GIVEN DATA START

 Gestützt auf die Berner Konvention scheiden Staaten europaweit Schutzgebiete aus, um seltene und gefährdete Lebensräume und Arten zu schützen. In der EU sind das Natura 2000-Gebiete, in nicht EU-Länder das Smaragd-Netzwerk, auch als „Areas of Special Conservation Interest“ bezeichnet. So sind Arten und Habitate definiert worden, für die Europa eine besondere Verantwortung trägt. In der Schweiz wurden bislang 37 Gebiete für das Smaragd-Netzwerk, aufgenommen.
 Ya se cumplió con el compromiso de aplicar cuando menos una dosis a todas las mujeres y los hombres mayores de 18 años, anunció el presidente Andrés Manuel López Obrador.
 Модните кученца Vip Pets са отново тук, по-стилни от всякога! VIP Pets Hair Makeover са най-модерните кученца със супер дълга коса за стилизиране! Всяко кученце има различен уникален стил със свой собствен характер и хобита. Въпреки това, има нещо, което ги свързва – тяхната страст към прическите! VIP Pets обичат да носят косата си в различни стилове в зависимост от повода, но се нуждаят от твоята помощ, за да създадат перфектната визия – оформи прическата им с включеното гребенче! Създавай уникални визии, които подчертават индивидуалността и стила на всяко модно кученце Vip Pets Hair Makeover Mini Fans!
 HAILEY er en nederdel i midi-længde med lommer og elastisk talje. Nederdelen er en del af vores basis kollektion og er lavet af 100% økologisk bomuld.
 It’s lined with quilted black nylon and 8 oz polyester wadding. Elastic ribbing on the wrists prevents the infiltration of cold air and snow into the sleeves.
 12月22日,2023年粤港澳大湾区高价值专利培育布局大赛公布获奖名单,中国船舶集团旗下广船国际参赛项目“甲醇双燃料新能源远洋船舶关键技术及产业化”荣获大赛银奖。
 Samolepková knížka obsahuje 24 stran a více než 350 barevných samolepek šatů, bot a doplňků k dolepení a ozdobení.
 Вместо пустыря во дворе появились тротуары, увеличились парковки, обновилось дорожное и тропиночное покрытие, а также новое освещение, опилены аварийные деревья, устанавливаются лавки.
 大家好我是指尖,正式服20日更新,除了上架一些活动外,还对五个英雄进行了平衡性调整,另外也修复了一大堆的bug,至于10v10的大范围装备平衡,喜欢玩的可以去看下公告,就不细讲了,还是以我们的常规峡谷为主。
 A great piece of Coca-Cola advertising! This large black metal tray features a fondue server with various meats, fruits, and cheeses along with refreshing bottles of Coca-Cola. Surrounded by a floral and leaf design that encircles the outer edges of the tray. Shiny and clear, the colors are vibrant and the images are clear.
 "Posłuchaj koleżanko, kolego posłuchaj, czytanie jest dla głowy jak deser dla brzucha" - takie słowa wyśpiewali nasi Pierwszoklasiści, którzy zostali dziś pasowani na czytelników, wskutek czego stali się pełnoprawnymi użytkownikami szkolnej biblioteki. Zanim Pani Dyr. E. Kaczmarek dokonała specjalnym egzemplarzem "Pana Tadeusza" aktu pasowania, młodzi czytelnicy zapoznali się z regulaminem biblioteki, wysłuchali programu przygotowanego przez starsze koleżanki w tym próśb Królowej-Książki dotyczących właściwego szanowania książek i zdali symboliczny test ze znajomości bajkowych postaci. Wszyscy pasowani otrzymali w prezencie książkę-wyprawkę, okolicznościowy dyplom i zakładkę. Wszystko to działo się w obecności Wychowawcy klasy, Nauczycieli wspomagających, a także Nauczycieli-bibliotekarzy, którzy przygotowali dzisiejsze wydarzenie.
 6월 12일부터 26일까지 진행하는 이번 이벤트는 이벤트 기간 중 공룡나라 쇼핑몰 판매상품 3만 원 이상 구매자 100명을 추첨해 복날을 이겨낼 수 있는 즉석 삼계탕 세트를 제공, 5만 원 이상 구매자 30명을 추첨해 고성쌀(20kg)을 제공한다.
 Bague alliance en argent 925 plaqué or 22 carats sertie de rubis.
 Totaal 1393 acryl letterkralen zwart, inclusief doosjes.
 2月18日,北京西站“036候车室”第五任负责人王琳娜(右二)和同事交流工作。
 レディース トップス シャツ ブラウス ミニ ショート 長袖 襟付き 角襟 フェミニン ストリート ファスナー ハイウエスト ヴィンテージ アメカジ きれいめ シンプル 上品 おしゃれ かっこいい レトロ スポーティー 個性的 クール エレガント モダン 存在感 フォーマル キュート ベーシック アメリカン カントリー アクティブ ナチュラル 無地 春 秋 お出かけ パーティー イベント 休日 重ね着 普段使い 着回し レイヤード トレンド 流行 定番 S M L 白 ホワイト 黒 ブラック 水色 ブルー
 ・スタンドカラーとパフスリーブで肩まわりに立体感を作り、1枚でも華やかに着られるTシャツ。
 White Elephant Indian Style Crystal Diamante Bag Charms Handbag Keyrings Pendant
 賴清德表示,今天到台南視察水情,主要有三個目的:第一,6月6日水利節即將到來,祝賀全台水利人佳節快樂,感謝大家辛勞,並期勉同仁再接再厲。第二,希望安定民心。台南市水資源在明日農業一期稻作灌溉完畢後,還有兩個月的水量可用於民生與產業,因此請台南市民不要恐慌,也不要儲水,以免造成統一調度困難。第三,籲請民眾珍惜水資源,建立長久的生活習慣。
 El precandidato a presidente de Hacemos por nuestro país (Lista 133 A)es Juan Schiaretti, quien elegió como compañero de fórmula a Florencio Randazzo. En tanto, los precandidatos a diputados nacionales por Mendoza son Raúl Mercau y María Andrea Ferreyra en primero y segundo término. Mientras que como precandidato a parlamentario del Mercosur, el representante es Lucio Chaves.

GIVEN DATA END

▶ THE PROBLEM
Reproduce all the entries above. Match them exactly.

▶ ANSWER SECTION
 Gestützt auf die Berner Konvention scheiden Staaten europaweit Schutzgebiete aus, um seltene und gefährdete Lebensräume und Arten zu schützen. In der EU sind das Natura 2000-Gebiete, in nicht EU-Länder das Smaragd-Netzwerk, auch als „Areas of Special Conservation Interest“ bezeichnet. So sind Arten und Habitate definiert worden, für die Europa eine besondere Verantwortung trägt. In der Schweiz wurden bislang 37 Gebiete für das Smaragd-Netzwerk, aufgenommen.
 Ya se cumplió con el compromiso de aplicar cuando menos una dosis a todas las mujeres y los hombres mayores de 18 años, anunció el presidente Andrés Manuel López Obrador.
 Модните кученца Vip Pets са отново тук, по-стилни от всякога! VIP Pets Hair Makeover са най-модерните кученца със супер дълга коса за стилизиране! Всяко кученце има различен уникален стил със свой собствен характер и хобита. Въпреки това, има нещо, което ги свързва – тяхната страст към прическите! VIP Pets обичат да носят косата си в различни стилове в зависимост от повода, но се нуждаят от твоята помощ, за да създадат перфектната визия – оформи прическата им с включеното гребенче! Създавай уникални визии, които подчертават индивидуалността и стила на всяко модно кученце Vip Pets Hair Makeover Mini Fans!
 HAILEY er en nederdel i midi-længde med lommer og elastisk talje. Nederdelen er en del af vores basis kollektion og er lavet af 100% økologisk bomuld.
 It’s lined with quilted black nylon and 8 oz polyester wadding. Elastic ribbing on the wrists prevents the infiltration of cold air and snow into the sleeves.
 12月22日,2023年粤港澳大湾区高价值专利培育布局大赛公布获奖名单,中国船舶集团旗下广船国际参赛项目“甲醇双燃料新能源远洋船舶关键技术及产业化”荣获大赛银奖。
 Samolepková knížka obsahuje 24 stran a více než 350 barevných samolepek šatů, bot a doplňků k dolepení a ozdobení.
 Вместо пустыря во дворе появились тротуары, увеличились парковки, обновилось дорожное и тропиночное покрытие, а также новое освещение, опилены аварийные деревья, устанавливаются лавки.
 大家好我是指尖,正式服20日更新,除了上架一些活动外,还对五个英雄进行了平衡性调整,另外也修复了一大堆的bug,至于10v10的大范围装备平衡,喜欢玩的可以去看下公告,就不细讲了,还是以我们的常规峡谷为主。
 A great piece of Coca-Cola advertising! This large black metal tray features a fondue server with various meats, fruits, and cheeses along with refreshing bottles of Coca-Cola. Surrounded by a floral and leaf design that encircles the outer edges of the tray. Shiny and clear, the colors are vibrant and the images are clear.
 "Posłuchaj koleżanko, kolego posłuchaj, czytanie jest dla głowy jak deser dla brzucha" - takie słowa wyśpiewali nasi Pierwszoklasiści, którzy zostali dziś pasowani na czytelników, wskutek czego stali się pełnoprawnymi użytkownikami szkolnej biblioteki. Zanim Pani Dyr. E. Kaczmarek dokonała specjalnym egzemplarzem "Pana Tadeusza" aktu pasowania, młodzi czytelnicy zapoznali się z regulaminem biblioteki, wysłuchali programu przygotowanego przez starsze koleżanki w tym próśb Królowej-Książki dotyczących właściwego szanowania książek i zdali symboliczny test ze znajomości bajkowych postaci. Wszyscy pasowani otrzymali w prezencie książkę-wyprawkę, okolicznościowy dyplom i zakładkę. Wszystko to działo się w obecności Wychowawcy klasy, Nauczycieli wspomagających, a także Nauczycieli-bibliotekarzy, którzy przygotowali dzisiejsze wydarzenie.
 6월 12일부터 26일까지 진행하는 이번 이벤트는 이벤트 기간 중 공룡나라 쇼핑몰 판매상품 3만 원 이상 구매자 100명을 추첨해 복날을 이겨낼 수 있는 즉석 삼계탕 세트를 제공, 5만 원 이상 구매자 30명을 추첨해 고성쌀(20kg)을 제공한다.
 Bague alliance en argent 925 plaqué or 22 carats sertie de rubis.
 Totaal 1393 acryl letterkralen zwart, inclusief doosjes.
 2月18日,北京西站“036候车室”第五任负责人王琳娜(右二)和同事交流工作。
 レディース トップス シャツ ブラウス ミニ ショート 長袖 襟付き 角襟 フェミニン ストリート ファスナー ハイウエスト ヴィンテージ アメカジ きれいめ シンプル 上品 おしゃれ かっこいい レトロ スポーティー 個性的 クール エレガント モダン 存在感 フォーマル キュート ベーシック アメリカン カントリー アクティブ ナチュラル 無地 春 秋 お出かけ パーティー イベント 休日 重ね着 普段使い 着回し レイヤード トレンド 流行 定番 S M L 白 ホワイト 黒 ブラック 水色 ブルー
 ・スタンドカラーとパフスリーブで肩まわりに立体感を作り、1枚でも華やかに着られるTシャツ。
 White Elephant Indian Style Crystal Diamante Bag Charms Handbag Keyrings Pendant
 賴清德表示,今天到台南視察水情,主要有三個目的:第一,6月6日水利節即將到來,祝賀全台水利人佳節快樂,感謝大家辛勞,並期勉同仁再接再厲。第二,希望安定民心。台南市水資源在明日農業一期稻作灌溉完畢後,還有兩個月的水量可用於民生與產業,因此請台南市民不要恐慌,也不要儲水,以免造成統一調度困難。第三,籲請民眾珍惜水資源,建立長久的生活習慣。
 El precandidato a presidente de Hacemos por nuestro país (Lista 133 A)es Juan Schiaretti, quien elegió como compañero de fórmula a Florencio Randazzo. En tanto, los precandidatos a diputados nacionales por Mendoza son Raúl Mercau y María Andrea Ferreyra en primero y segundo término. Mientras que como precandidato a parlamentario del Mercosur, el representante es Lucio Chaves.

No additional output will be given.